Wij zijn uiteraard niet tegen een Europese ontwikkeling op dit terrein, laat dat duidelijk zijn, maar er is wel iets aan de hand. In de intracommunautaire handel dreigen we minder dan ooit tevoren inzicht te krijgen in de internationale wapenhandel, ook in de wapenhandel die vanuit Vlaanderen vertrekt of in aan defensie gerelateerd materiaal ik trek dit natuurlijk breed open. We dreigen het inzicht deels te verliezen en als er iets is dat we de voorbije jaren in Vlaanderen hebben opgebouwd, dan is het met name een sterk inzicht dankzij de rapportage die zo degelijk uitgebouwd is. Op dat punt zijn we een voorbeeld in Europa, maar we dreigen op basis van de Europese ontwikkeling eerder achteruit te gaan dan vooruit. Dit komt het duidelijkst tot uiting in de intracommunautaire handel, want er wordt enkel a posteriori gerapporteerd aan Vlaanderen.
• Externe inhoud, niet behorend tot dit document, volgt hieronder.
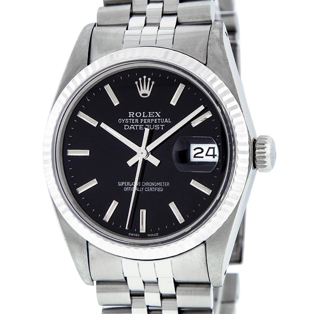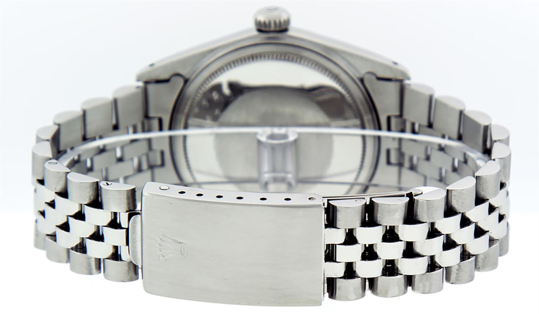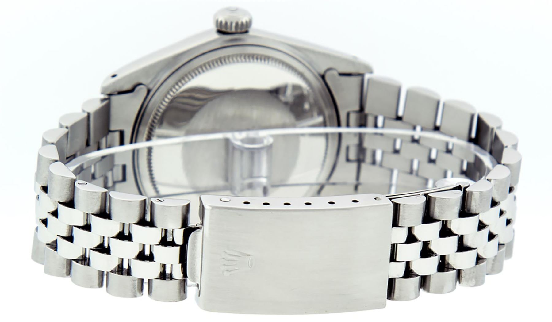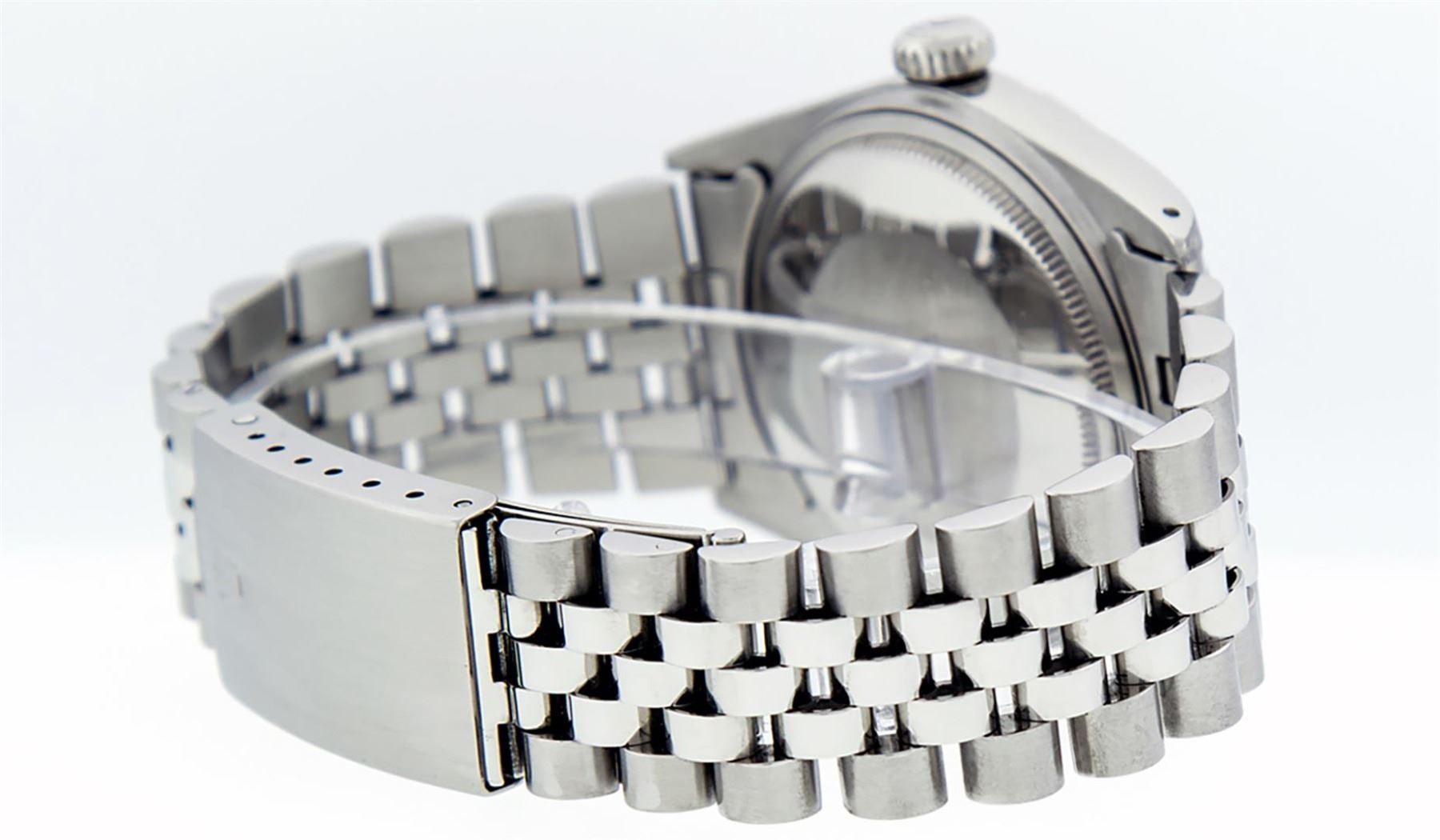 One Pre Owned Stainless Steel Rolex 36MM Datejust Polished, Serviced & Electronically Tested, Rolex Stainless Steel Case: 36mm, Rolex Stainless Steel Crown, Rolex Bezel: White Gold Fluted Bezel. Custom Crystal: New AcrylicWith Magnified Date Window. Custom Hands: New Luminescent Hands. Rolex Movement: Automatic Winding Movement 3035. Custom Dial: Custom Black Dial With Index Hour Markers With Line Track. Date Window: 3 O'Clock Position Date Display, Quickset, Model: Datejust, Condition: G-6 Extra Fine. Rolex Bracelet: Stainless Steel Jubilee Band. Bright Polish & Satin Finish. 7.0 Inch Length, Adjustable. Fold Clasp, With Rolex Logo. Watch Has Been Serviced And Polished It Is Free Of All Scratches And Dents.

Minister-president, ik durf te concluderen dat uit de conferentie blijkt dat we voor vijf grote uitdagingen staan wanneer we het hebben over de brede wapenhandel. Het is jammer dat deze vraag zo laat na de datum van de conferentie geagendeerd werd, maar door allerlei omstandigheden werd deze vraag telkens weer uitgesteld. Toch is de conferentie relevant genoeg om er nog eens bij stil te staan.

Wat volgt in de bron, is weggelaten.